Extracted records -
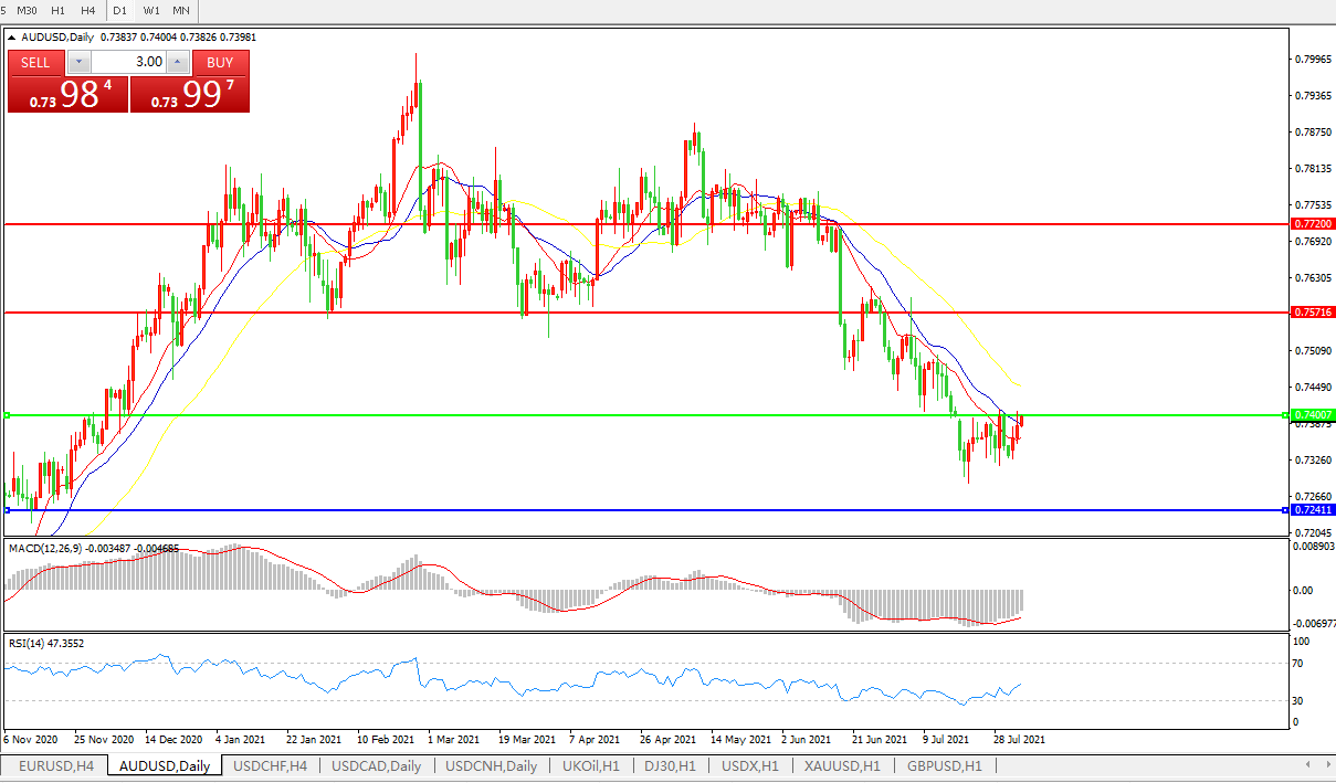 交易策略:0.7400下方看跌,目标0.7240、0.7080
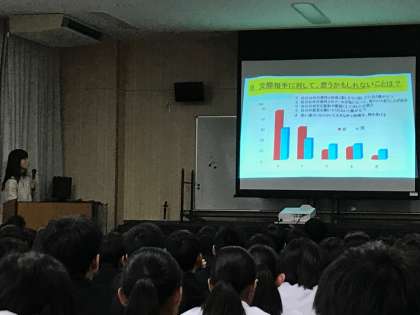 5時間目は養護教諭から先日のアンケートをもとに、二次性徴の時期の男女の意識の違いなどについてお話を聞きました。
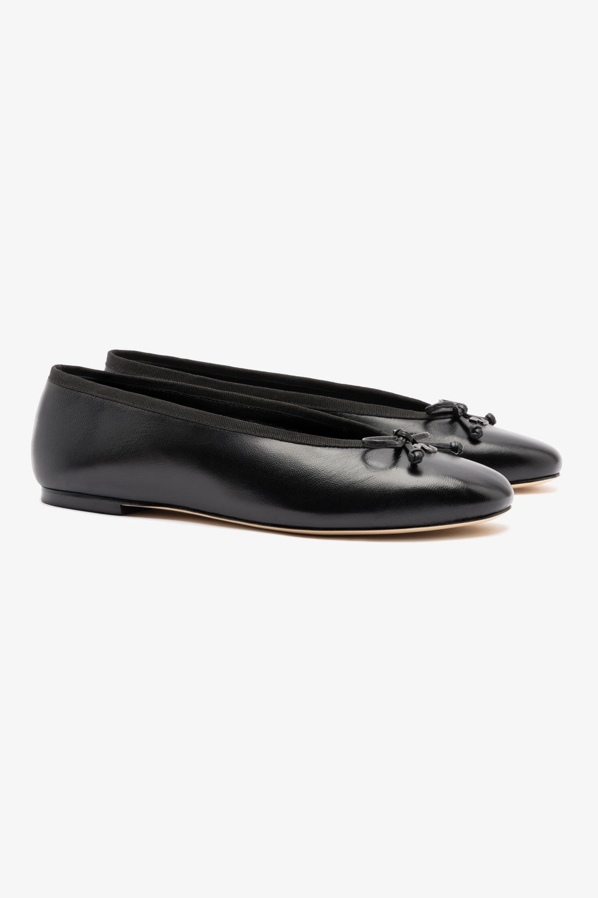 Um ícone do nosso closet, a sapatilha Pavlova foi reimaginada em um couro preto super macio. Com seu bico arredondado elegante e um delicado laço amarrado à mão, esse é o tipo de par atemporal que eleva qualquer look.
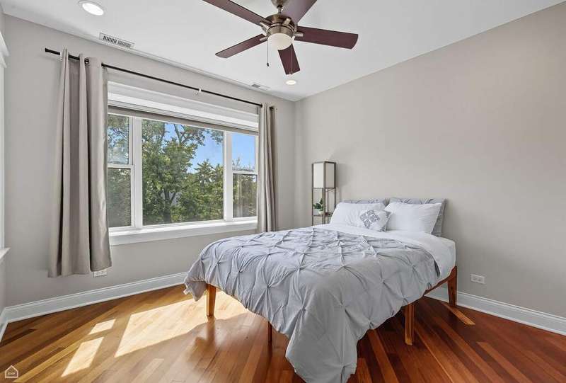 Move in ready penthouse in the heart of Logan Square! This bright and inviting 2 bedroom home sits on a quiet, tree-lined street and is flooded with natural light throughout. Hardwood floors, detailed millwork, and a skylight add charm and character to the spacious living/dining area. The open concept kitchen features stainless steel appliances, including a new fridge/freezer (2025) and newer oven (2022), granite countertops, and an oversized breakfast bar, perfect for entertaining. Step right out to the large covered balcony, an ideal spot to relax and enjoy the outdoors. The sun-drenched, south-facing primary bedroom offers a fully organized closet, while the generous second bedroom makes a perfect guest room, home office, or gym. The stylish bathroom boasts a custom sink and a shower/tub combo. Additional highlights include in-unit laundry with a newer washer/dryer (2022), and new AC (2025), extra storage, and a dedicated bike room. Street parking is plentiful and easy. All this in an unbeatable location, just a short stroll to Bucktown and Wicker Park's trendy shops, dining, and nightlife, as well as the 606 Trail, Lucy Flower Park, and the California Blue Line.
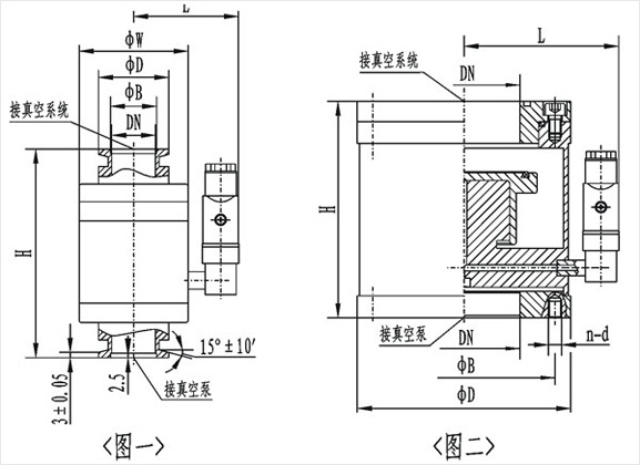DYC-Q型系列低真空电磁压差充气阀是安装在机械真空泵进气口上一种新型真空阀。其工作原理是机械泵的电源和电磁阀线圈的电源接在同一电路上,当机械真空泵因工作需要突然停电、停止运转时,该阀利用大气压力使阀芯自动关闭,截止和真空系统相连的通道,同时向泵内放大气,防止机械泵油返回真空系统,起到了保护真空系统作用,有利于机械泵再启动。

Work to be completed -
Please write the data out again exactly, but do not carry over the pictures.

Worked solution -
 交易策略:0.7400下方看跌,目标0.7240、0.7080
 5時間目は養護教諭から先日のアンケートをもとに、二次性徴の時期の男女の意識の違いなどについてお話を聞きました。
 Um ícone do nosso closet, a sapatilha Pavlova foi reimaginada em um couro preto super macio. Com seu bico arredondado elegante e um delicado laço amarrado à mão, esse é o tipo de par atemporal que eleva qualquer look.
 Move in ready penthouse in the heart of Logan Square! This bright and inviting 2 bedroom home sits on a quiet, tree-lined street and is flooded with natural light throughout. Hardwood floors, detailed millwork, and a skylight add charm and character to the spacious living/dining area. The open concept kitchen features stainless steel appliances, including a new fridge/freezer (2025) and newer oven (2022), granite countertops, and an oversized breakfast bar, perfect for entertaining. Step right out to the large covered balcony, an ideal spot to relax and enjoy the outdoors. The sun-drenched, south-facing primary bedroom offers a fully organized closet, while the generous second bedroom makes a perfect guest room, home office, or gym. The stylish bathroom boasts a custom sink and a shower/tub combo. Additional highlights include in-unit laundry with a newer washer/dryer (2022), and new AC (2025), extra storage, and a dedicated bike room. Street parking is plentiful and easy. All this in an unbeatable location, just a short stroll to Bucktown and Wicker Park's trendy shops, dining, and nightlife, as well as the 606 Trail, Lucy Flower Park, and the California Blue Line.
DYC-Q型系列低真空电磁压差充气阀是安装在机械真空泵进气口上一种新型真空阀。其工作原理是机械泵的电源和电磁阀线圈的电源接在同一电路上,当机械真空泵因工作需要突然停电、停止运转时,该阀利用大气压力使阀芯自动关闭,截止和真空系统相连的通道,同时向泵内放大气,防止机械泵油返回真空系统,起到了保护真空系统作用,有利于机械泵再启动。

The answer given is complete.